■ TASK REQUIREMENTS
Below are records with pictures. Reproduce exactly the lines from the line with "Svart, stretchig crop" to the line with "Good Stuff Traffic", inclusive, and leave each picture out.
*** GIVEN RECORDS ***
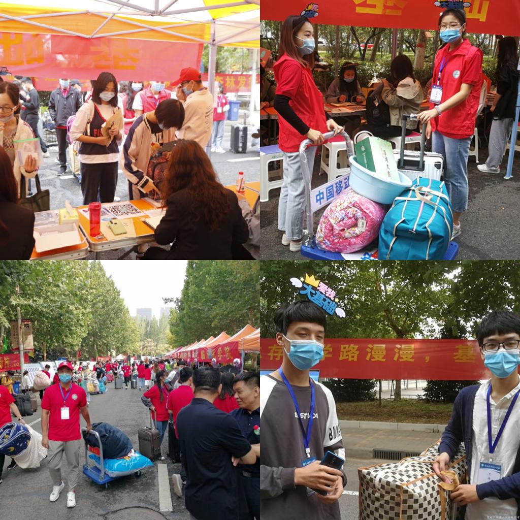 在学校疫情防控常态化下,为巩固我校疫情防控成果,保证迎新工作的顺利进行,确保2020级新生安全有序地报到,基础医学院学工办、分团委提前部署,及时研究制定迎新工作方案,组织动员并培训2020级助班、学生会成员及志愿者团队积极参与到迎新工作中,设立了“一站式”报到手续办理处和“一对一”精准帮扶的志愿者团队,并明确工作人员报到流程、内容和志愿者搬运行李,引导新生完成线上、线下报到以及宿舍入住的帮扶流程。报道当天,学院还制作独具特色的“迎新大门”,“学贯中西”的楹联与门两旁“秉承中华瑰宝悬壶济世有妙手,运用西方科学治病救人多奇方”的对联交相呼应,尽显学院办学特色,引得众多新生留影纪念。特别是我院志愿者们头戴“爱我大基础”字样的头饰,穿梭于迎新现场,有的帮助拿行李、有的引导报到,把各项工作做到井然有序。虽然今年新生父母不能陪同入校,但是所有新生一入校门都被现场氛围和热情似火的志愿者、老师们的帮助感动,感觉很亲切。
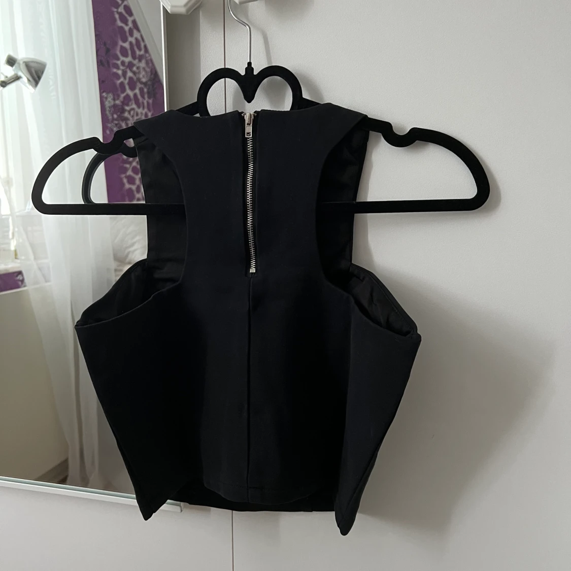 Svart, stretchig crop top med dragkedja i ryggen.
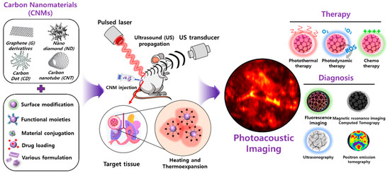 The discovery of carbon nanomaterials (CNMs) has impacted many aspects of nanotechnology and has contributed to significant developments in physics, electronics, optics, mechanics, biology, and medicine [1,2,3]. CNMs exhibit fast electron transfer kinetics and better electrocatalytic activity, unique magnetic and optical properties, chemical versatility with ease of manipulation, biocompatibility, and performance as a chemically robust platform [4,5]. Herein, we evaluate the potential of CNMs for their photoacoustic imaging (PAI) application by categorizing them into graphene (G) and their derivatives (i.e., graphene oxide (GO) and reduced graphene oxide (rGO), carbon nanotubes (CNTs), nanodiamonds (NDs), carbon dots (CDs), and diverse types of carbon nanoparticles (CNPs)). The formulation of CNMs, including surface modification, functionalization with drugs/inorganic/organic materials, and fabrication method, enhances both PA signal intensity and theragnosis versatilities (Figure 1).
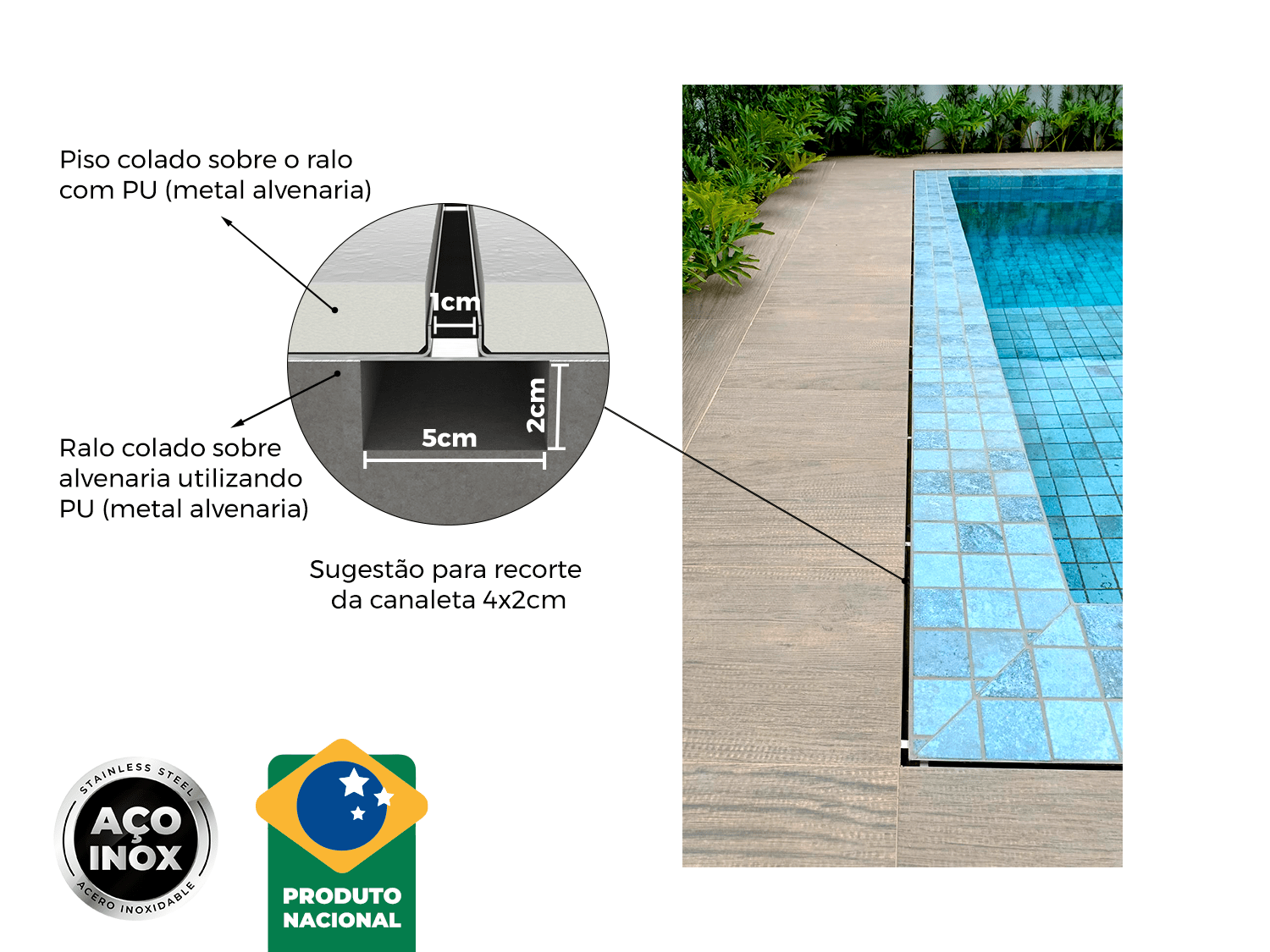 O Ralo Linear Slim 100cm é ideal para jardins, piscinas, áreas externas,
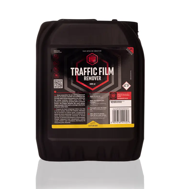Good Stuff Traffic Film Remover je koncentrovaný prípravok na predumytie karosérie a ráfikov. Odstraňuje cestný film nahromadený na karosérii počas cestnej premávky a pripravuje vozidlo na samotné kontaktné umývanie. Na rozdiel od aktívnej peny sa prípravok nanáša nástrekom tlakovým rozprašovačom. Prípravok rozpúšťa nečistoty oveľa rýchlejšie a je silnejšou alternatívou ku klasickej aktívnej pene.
*** End of GIVEN RECORDS ***
*** GIVEN RECORDS ***
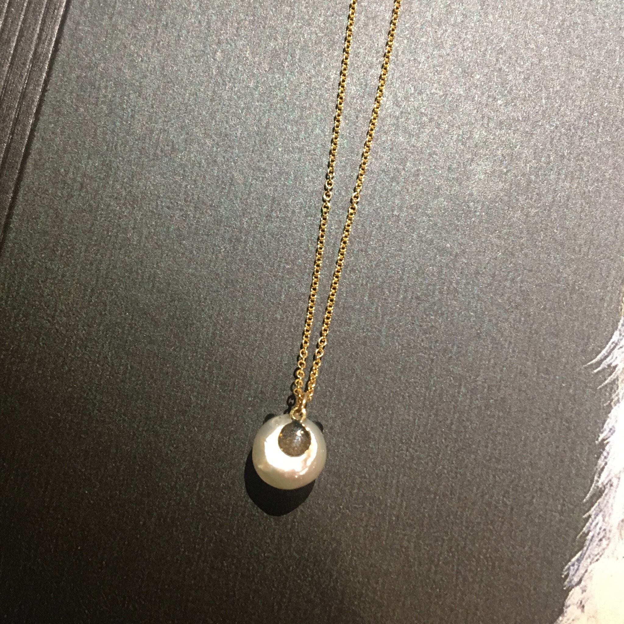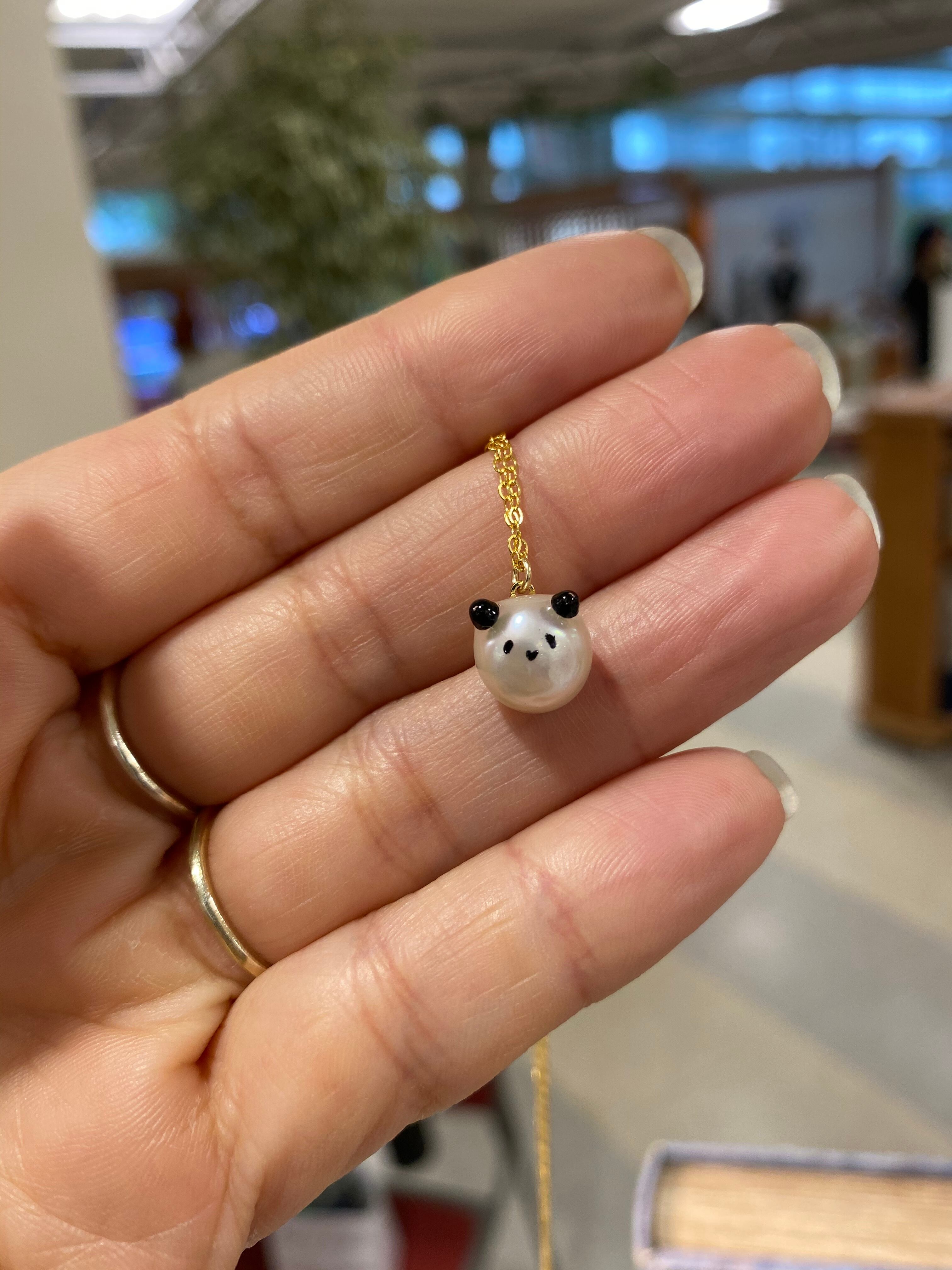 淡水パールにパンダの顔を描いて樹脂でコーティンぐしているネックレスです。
*** End of GIVEN RECORDS ***
*** GIVEN RECORDS ***
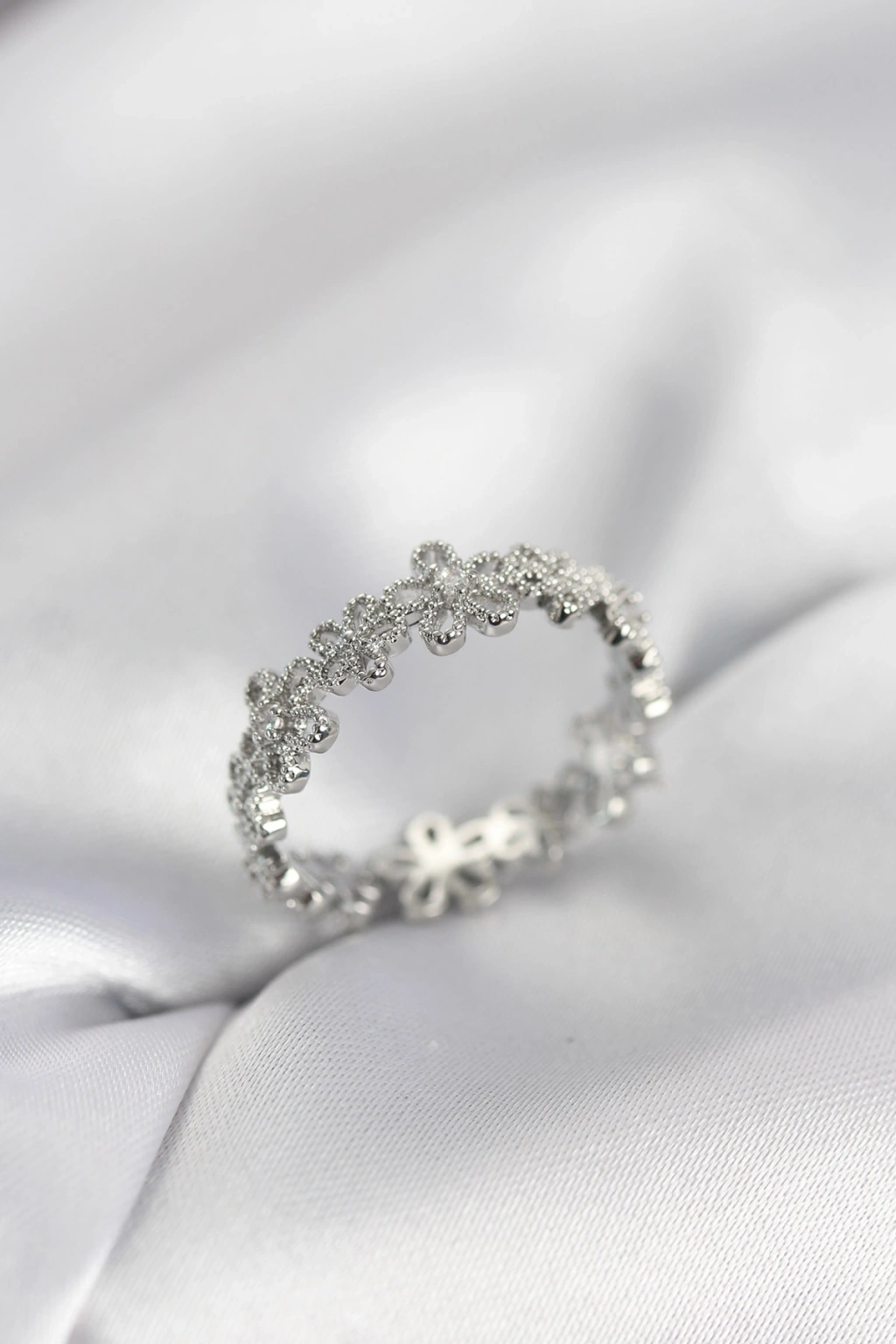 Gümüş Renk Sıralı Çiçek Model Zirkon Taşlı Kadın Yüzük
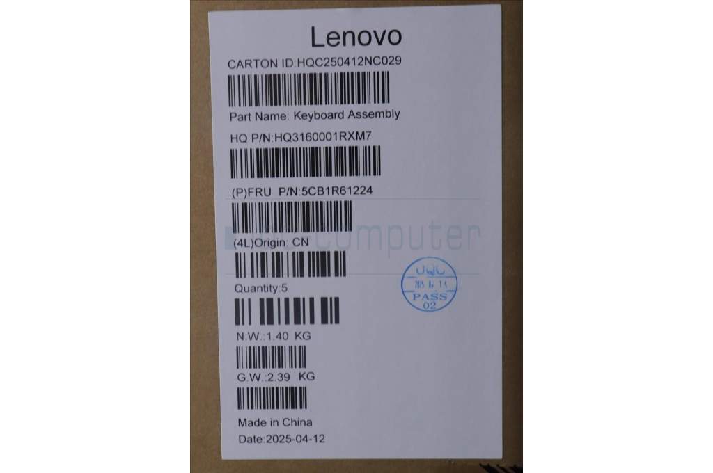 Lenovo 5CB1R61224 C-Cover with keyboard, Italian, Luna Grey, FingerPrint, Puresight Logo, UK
*** End of GIVEN RECORDS ***
■ FINISHED EXERCISE
 Svart, stretchig crop top med dragkedja i ryggen.
 The discovery of carbon nanomaterials (CNMs) has impacted many aspects of nanotechnology and has contributed to significant developments in physics, electronics, optics, mechanics, biology, and medicine [1,2,3]. CNMs exhibit fast electron transfer kinetics and better electrocatalytic activity, unique magnetic and optical properties, chemical versatility with ease of manipulation, biocompatibility, and performance as a chemically robust platform [4,5]. Herein, we evaluate the potential of CNMs for their photoacoustic imaging (PAI) application by categorizing them into graphene (G) and their derivatives (i.e., graphene oxide (GO) and reduced graphene oxide (rGO), carbon nanotubes (CNTs), nanodiamonds (NDs), carbon dots (CDs), and diverse types of carbon nanoparticles (CNPs)). The formulation of CNMs, including surface modification, functionalization with drugs/inorganic/organic materials, and fabrication method, enhances both PA signal intensity and theragnosis versatilities (Figure 1).
 O Ralo Linear Slim 100cm é ideal para jardins, piscinas, áreas externas,
Good Stuff Traffic Film Remover je koncentrovaný prípravok na predumytie karosérie a ráfikov. Odstraňuje cestný film nahromadený na karosérii počas cestnej premávky a pripravuje vozidlo na samotné kontaktné umývanie. Na rozdiel od aktívnej peny sa prípravok nanáša nástrekom tlakovým rozprašovačom. Prípravok rozpúšťa nečistoty oveľa rýchlejšie a je silnejšou alternatívou ku klasickej aktívnej pene.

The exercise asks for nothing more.